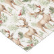 This Holiday themed table runner has a repeating pattern of watercolor antler deer images among soft greenery and red berries. The pattern is placed on a white background. Beautiful for the Christmas season, but this table runner can easily go through the autumn to spring.
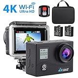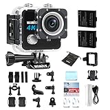 - 【Zubehör】Drei Akkus verlängern die Lebensdauer. Mit dem neu gestalteten, leicht zu öffnenden IP68 40M wasserdichten Gehäuse ist die Kamera ideal für Wassersportarten wie Schwimmen, Tauchen, Surfen etc. Mit all den Zubehör in einer stoßfesten Tragetasche sparen wir Ihnen weitere Kosten.
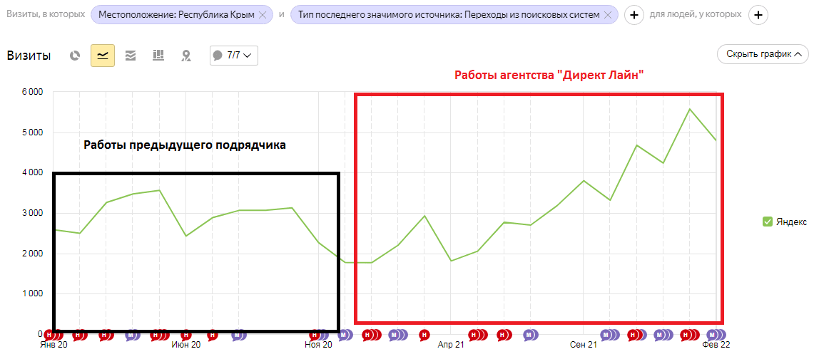Это был непростой год для seo-продвижения: ТОП выдачи на начало 2021 г. сильно отличался от того, каким он стал уже через год. Летом Яндекс обновил алгоритмы, и многие основные конкуренты сильно просели по видимости. Несмотря на это, мы смогли занять лидирующие позиции в выдаче. Хотя изначально сайт клиента не входил по основным запросам даже в ТОП-10 органической выдачи Яндекса по Крыму.
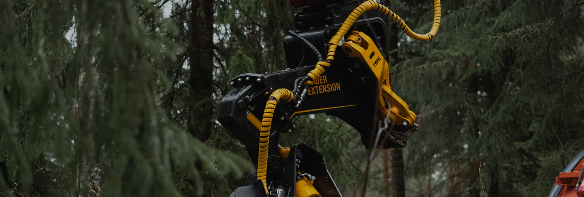 The Loader Extension & tilt is very efficient when used with a tilt rotator as you don’t have to use the excavators cylinders as much. With a tilt rotator you can make tree stacks on the sides of the excavator as you can rotate the extension to the side and drop the trees with a tilt. The tilt also makes it possible to delimb and cut trees even higher than before as it gives you more effective reach.
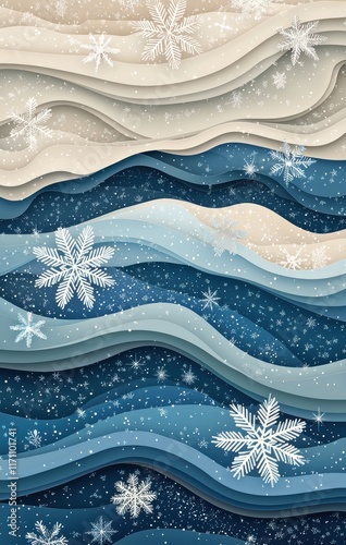Winter Snowflake Papercut Art Design for Holiday Background
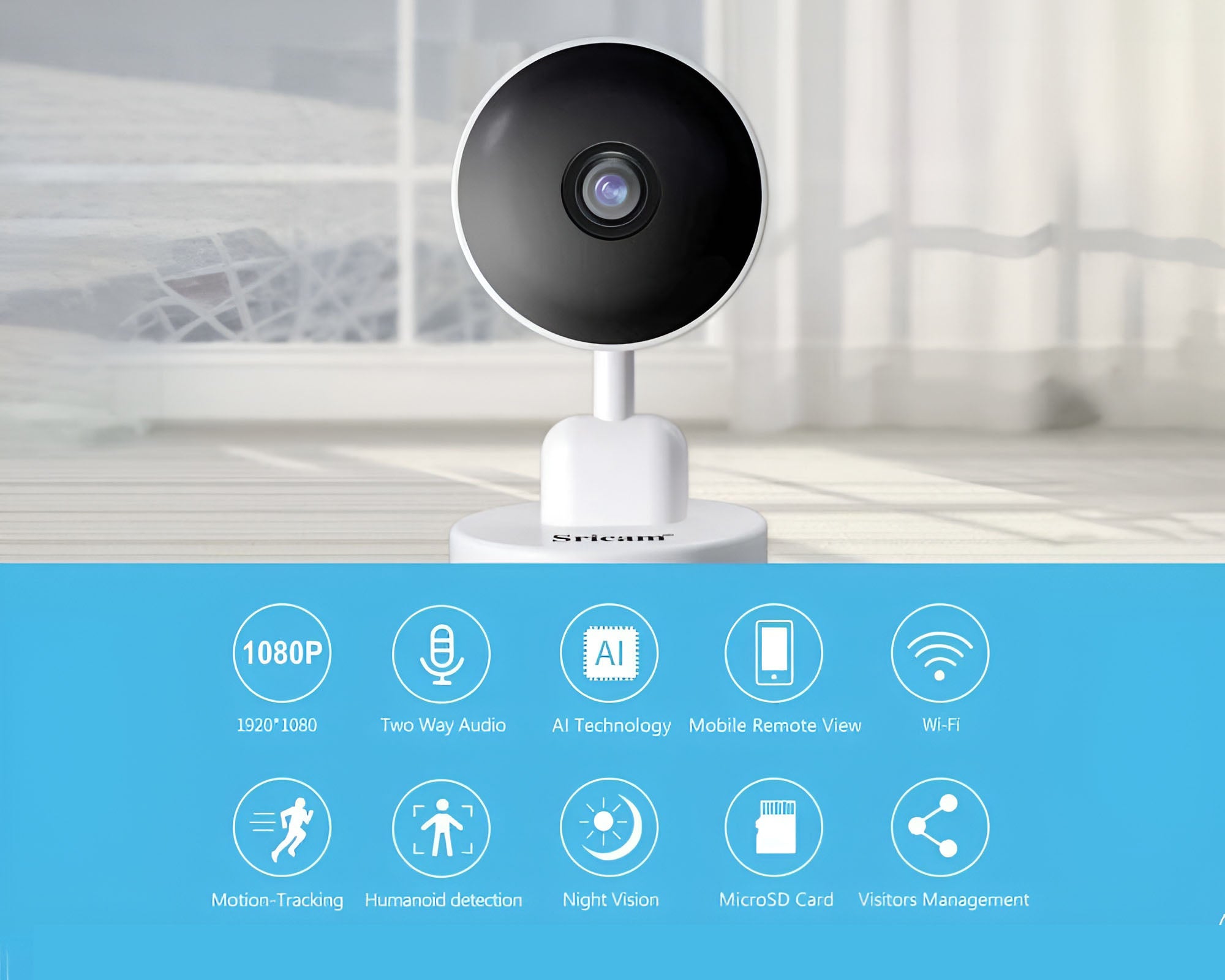 Secure your home with the SP027 1080P AI Smart WiFi Wireless Security Camera. Features humanoid detection, motion tracking, night vision, two-way audio, and flexible storage for indoor monitoring.1080P AI Smart WiFi Security Camera – Motion Tracking & Two-Way Audio

## Work to be completed
Which lines run from the one containing "The Loader Extension" to the end of the data above? Set down those lines exactly, and only those, without any pictures.

## Result
 The Loader Extension & tilt is very efficient when used with a tilt rotator as you don’t have to use the excavators cylinders as much. With a tilt rotator you can make tree stacks on the sides of the excavator as you can rotate the extension to the side and drop the trees with a tilt. The tilt also makes it possible to delimb and cut trees even higher than before as it gives you more effective reach.
Winter Snowflake Papercut Art Design for Holiday Background
 Secure your home with the SP027 1080P AI Smart WiFi Wireless Security Camera. Features humanoid detection, motion tracking, night vision, two-way audio, and flexible storage for indoor monitoring.1080P AI Smart WiFi Security Camera – Motion Tracking & Two-Way Audio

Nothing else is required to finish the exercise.